357 F. Supp. 2d 330, 2005 U.S. Dist. LEXIS 2152, 2005 WL 352558
CourtDistrict Court, D. Massachusetts
DecidedFebruary 9, 2005
DocketCIV.A.03-11566-PBS
StatusPublished
Cited by23 cases

This text of 357 F. Supp. 2d 330 (Quaak v. Dexia, S.A.) is published on Counsel Stack Legal Research, covering District Court, D. Massachusetts primary law. Counsel Stack provides free access to over 12 million legal documents including statutes, case law, regulations, and constitutions.

Bluebook
Quaak v. Dexia, S.A., 357 F. Supp. 2d 330, 2005 U.S. Dist. LEXIS 2152, 2005 WL 352558 (D. Mass. 2005).

Opinion

*332 MEMORANDUM AND ORDER

SARIS, District Judge.

I. INTRODUCTION

Class plaintiffs bring claims for securities fraud against Dexia Bank Belgium (“Dexia”), the successor to Artesia Banking Corp., S.A. (“Artesia”), the former chief commercial banker for Lernout & Hauspie Speech Products N.V. (“L & H”). 1 Defendant has moved to dismiss, arguing that the claims are time-barred and that their allegations fail" to support a claim for primary liability under Section 10(b) of the Securities Exchange Act of 1934,15 U.S.C. § 78j(b), and Rule 10b-5 promulgated by the Securities and Exchange- Commission (SEC), 17 C.F.R. § 240.10b-5. After hearing, the motion to dismiss is DENIED.

II. FACTUAL BACKGROUND

The Second Amended Class Action Complaint alleges the following facts. 2 .

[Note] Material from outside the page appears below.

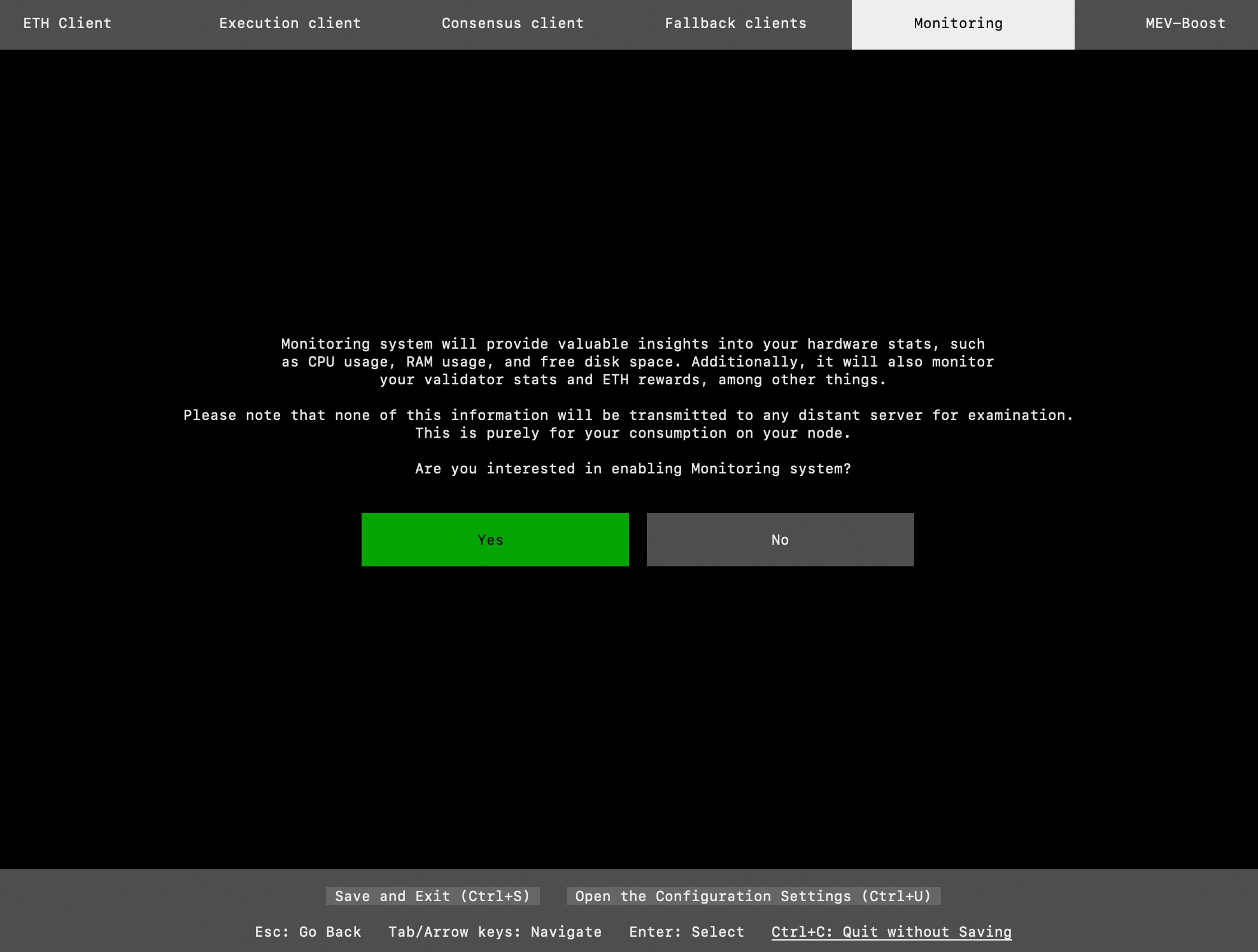 Enabling monitoring will offer valuable insights into your hardware statistics, including CPU usage, RAM usage, and available disk space. Additionally, it will monitor your validator statistics and ETH rewards, among other relevant information. It's important to note that none of this data will be transmitted to any remote server for analysis; it is solely intended for your own observation on your node. If you wish to enable the monitoring system, please select "Yes".

In March of 1997, the Brussels Translation Group N.V. (“BTG”) was established, purportedly to develop machine translation software. (¶ 81.) Artesia provided the initial financing to allow BTG to operate. Id. That same year, L & H purported to license software and provide engineering services to BTG in exchange for millions of dollars in fees and royalties. (¶¶ 82, 83.) Artesia loaned BTG $22.9 million. (If SI.) It loaned these funds to BTG so that BTG would use them to pay L & H, which would then pass the money off to investors as legitimate L & H licensing revenue. Id. From 1997 through 1999, L & H improperly recorded almost $35 million in revenues from the BTG transaction. (¶ 84.) At the end of the contract, in June 1999, L & H purchased BTG for $59 million. Id. The sole purpose of the BTG transaction was to inflate L & H’s reported financial results. (¶ 85.)

Beginning in 1998, Artesia provided L & H and L & H’s senior officers — Lernout, Hauspie, and Willaert (“Senior Officers”) — with funding for the Language Development Companies (“LDCs”) and Cross-Language Development Companies (“CLDCs”) in order to expand L & H’s generation of fictitious revenue. (¶ 97.) Artesia and L & H agreed that L & H would create a series of holding companies financed by Artesia. (Id.) These holding companies were used to finance multiple LDCs. (Id.)

One such holding company was Radial Belgium N.V. (“Radial”). (¶ 98.) On September 29, 1998, Artesia loaned Radial approximately $6 million, which Radial wired in three $2 million installments to three LDCs. (Id.) These LDCs used all $2 million to pay L & H licensing fees, which L & H booked as $6 million of revenue in the third quarter of 1998. (Id.)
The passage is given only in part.